И в домах творилось то же самое. Хозяйки спешили закончить всю домашнюю работу, потому что во время жатвы они только ночуют дома. Вечером они собирались у ворот, говорили о жатве. Если кто-нибудь приносил с поля пучок колосьев, все смотрели, созрело ли зерно.

Только у Пинтезовых было глухо и пусто, будто буря пронеслась над их домом, перевернув все вверх дном. Все ходили печальные, встревоженные. Старуха бродила по дому и по двору в черном платке, не смея показать на улицу свое сморщенное, желтое, как лимон, лицо. Чувствуя себя виноватой в бегстве Нонки, она была ниже травы, тише воды. Только в сухих глазах тлела суровая злоба, мучительная, затаенная. Больше чем прежде тряслась она над Петром, надоедала ему своими заботами, а он был невнимателен к ней и груб до жестокости. Разговаривал с ней только когда был голоден или надо было переменить белье, кричал на нее, как на прислугу. Аккуратно выходил на работу, но работал как-то нехотя. Не было прежней сладости труда, не было тех дней, когда он работал плечом к плечу с Нонкой. Теперь вся эта радостная суета раздражала его и еще больше отделяла от людей, он чувствовал себя одиноким, ни с кем не мог сблизиться. Единственным близким ему человеком была Марийка, с ее запоздалой, безумной и сладостной любовью. Ее свекор со свекровью, дряхлые старики, ложились спать с курами. В те вечера, когда она не дежурила в коровнике, Марийка шла на сеновал и там, сидя на сене, поджидала Петра с затаенной страстью. Он приходил в условленный час, но был холоден к ней, чувствуя какое-то раздвоение. Ее безумные ласки, запах лежалого сена и трав одурманивали его исстрадавшуюся душу, и он возвращался домой, точно пьяный, мысли путались, но горе было на время забыто. Опомнившись, он зарекался не ходить к ней. Но на следующий день его опять тянуло к Марийке. Ее самоотверженная любовь и покорность будили в его сердце нежность и преданность. Много раз, пробравшись, как вор, через чужие плетни и сады, сидя с ней на сеновале, слушая ее тихий страстный шопот, он думал, что его любовь к Нонке была только мукой, что жизнь его будет лучше и спокойней, если он женится на Марийке. Вспоминая, сколько раз она облегчала его страдания своей любовью и ласками, сколько жертв принесла ради него, постоянно подвергаясь опасности, он начинал думать, что действительно любит ее, и тосковал, если несколько дней не виделся с нею.

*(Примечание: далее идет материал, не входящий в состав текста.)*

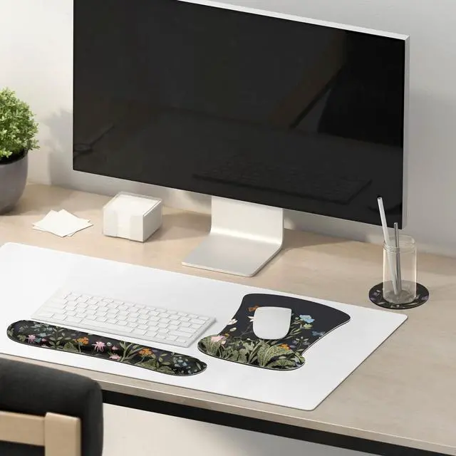 Dense non-slip textures provide strong stability and they can be firmly attached to the tabletop providing a heavy grip. You can enjoy stable mouse operation at work or in games.? [3-in1 Wrist Rest Set]Keyboard wrist rest mouse pad and coaster. All three of these items can add color and cheer to your workspace and home. It is compatible with most types of computers such as desktop computers laptops Macs etc. And it's perfect for men and women co-workers employees friends and family.

Однажды, обнимая его, Марийка сказала:

— Слышала я, что у Нонки что-то с Дамяном…

Петр не смог скрыть своего волнения, задохнулся, словно кто-то сдавил ему горло. Марийка почувствовала, как задрожали его руки, и пожалела, что сказала ему об этом. Она была уверена, что Петр давно вырвал Нонку из сердца и выслушает ее совершенно спокойно и равнодушно. Но он отодвинулся от нее, лег на спину, полежал, потом встал. Напрасно Марийка уговаривала его побыть с ней еще хоть немного.

— Ах, ты не любишь меня! О ней только думаешь! — проговорила она со слезами на глазах. — Почему ты молчишь, Петя? Скажи мне словечко, скажи и убей! На все я согласна!

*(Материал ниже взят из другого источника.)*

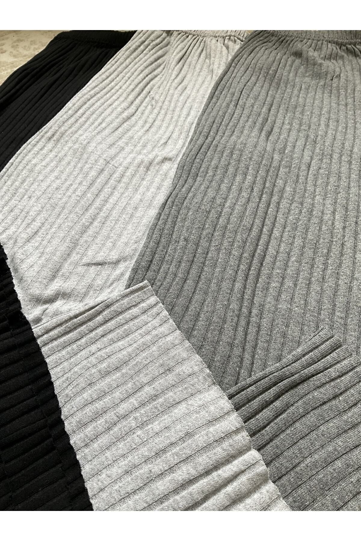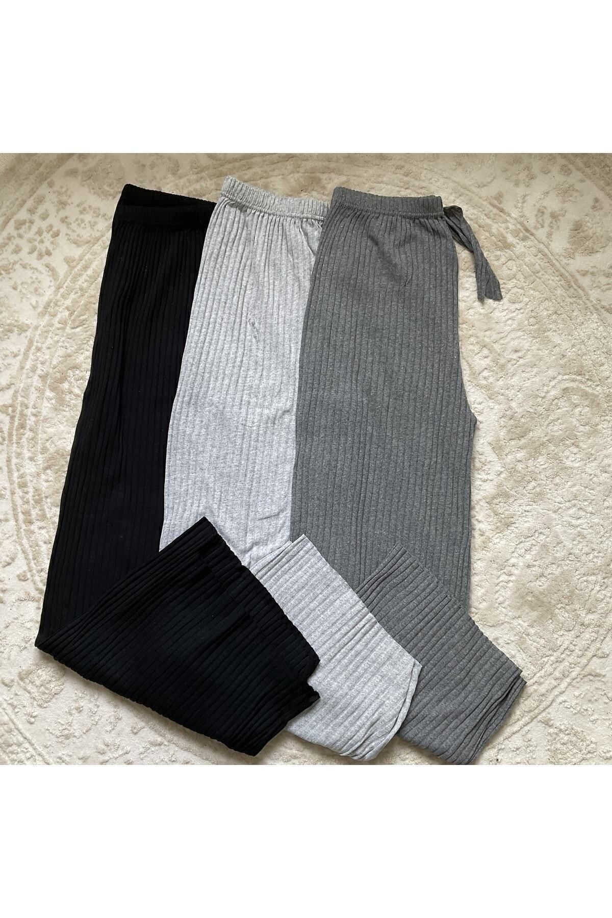 Üç farklı renk seçeneğiyle (siyah, gri ve füme) her zevke hitap eden geniş bir yelpazede sunulan bu kadın fitilli pantolon ve eşofman takımı, günlük kullanım için idealdir.; Normal bel tasarımı sayesinde rahat bir oturuş sağlar ve tüm gün konforlu hissetmenize olanak tanır.; Homewear koleksiyonunun parçası olan bu ürünler, evde geçirilen zamanlarda da şıklığından ödün vermeyen kadınların tercihi olur.; Geniş paça tasarımı ile modern ve trend bir görünüm sunarken, standart boy paça uzunluğu her bedene uyum sağlayacak şekilde üretilmiştir.; Düz kesimi sayesinde vücut hatlarını saran ancak sıkmayan bir yapıda olan bu eşofman altları, günlük giyimde rahatlıkla tercih edilebilir.; Gri renk seçeneğiyle kolayca kombinlenebilen bu pantolon ve eşofman takımı, her gardıropta bulunması gereken temel parçalardan biridir.; 5% likra karışımıyla esneklik kazanan bu ürünler hareket özgürlüğünüzü kısıtlamaz.; Çizgili deseniyle klasik ve zamansız bir görünüm sergileyen bu fitilli pantolon ve eşofman takımı, her ortamda şıklığınızla fark edilirsiniz.; Beli lastikli ek özellik sayesinde vücudunuza mükemmel uyum sağlayan bu eşofman altları, tüm yaş gruplarına hitap eder.; Pamuk, polyester ve elastan karışımından üretilmiş olan bu ürünler uzun süreli kullanım vaat ederken, basic silueti ile her bedene uygunluk gösterir.;

Петр вырвался из ее объятий и ощупью добрался до двери.

В дверях стоял какой-то человек в военной форме. Петр ясно увидел очертания его фуражки, почувствовал запах нафталина. Это был Марийкин муж. Высокий, широкоплечий, он стоял слегка сгорбившись, держа в руке не то палку, не то нож. Со страху Петру он показался вдвое выше, крупнее. Петр мгновенно сообразил, что тот может запереть его внутри, и, толкнув его в грудь, выскочил на двор.

В этот момент что-то обожгло его ухо и врезалось в плечо. Он бросился было бежать, но солдат крепко схватил его за рубаху и притянул к себе.

— Куда? — прохрипел он, тяжело дыша.

Петр, схватив одной рукой палку, другой ударил его прямо в лицо. Солдат отлетел, присел и выпустил палку. Петр, перескочив плетень, бросился вниз по улице и только тогда заметил, что рука его вся в крови.

А на другой день разнеслось по селу, что Марийку выгнал из дому муж. Петр ожидал, что его вызовут в сельсовет, но прошла неделя, другая, никто не приходил. Но он был неспокоен. Домой приходил мрачней тучи, слова сказать ему нельзя было — огрызался, как собака. Он не брился, почернел весь, подурнел, в глазах светилась ненависть. Иногда Пинтез, не сдержавшись, говорил ему:

— Что не побреешься, опустился, как разбойник.

— Не твое дело! — огрызался Петр.

— Раз твое — ты и делай! И это называется сын! Насупился, набрасывается на всех. Свет божий ему не мил. Заварил кашу — сам теперь расхлебывай, другие тут ни при чем, сам виноват.

Петр хлопал дверью и уходил, а Пинтез, смотря ему вслед, беспомощно покачивал седой головой. «До чего дошел! — думал он. — Слова сказать нельзя. Вот до чего дожил на старости лет».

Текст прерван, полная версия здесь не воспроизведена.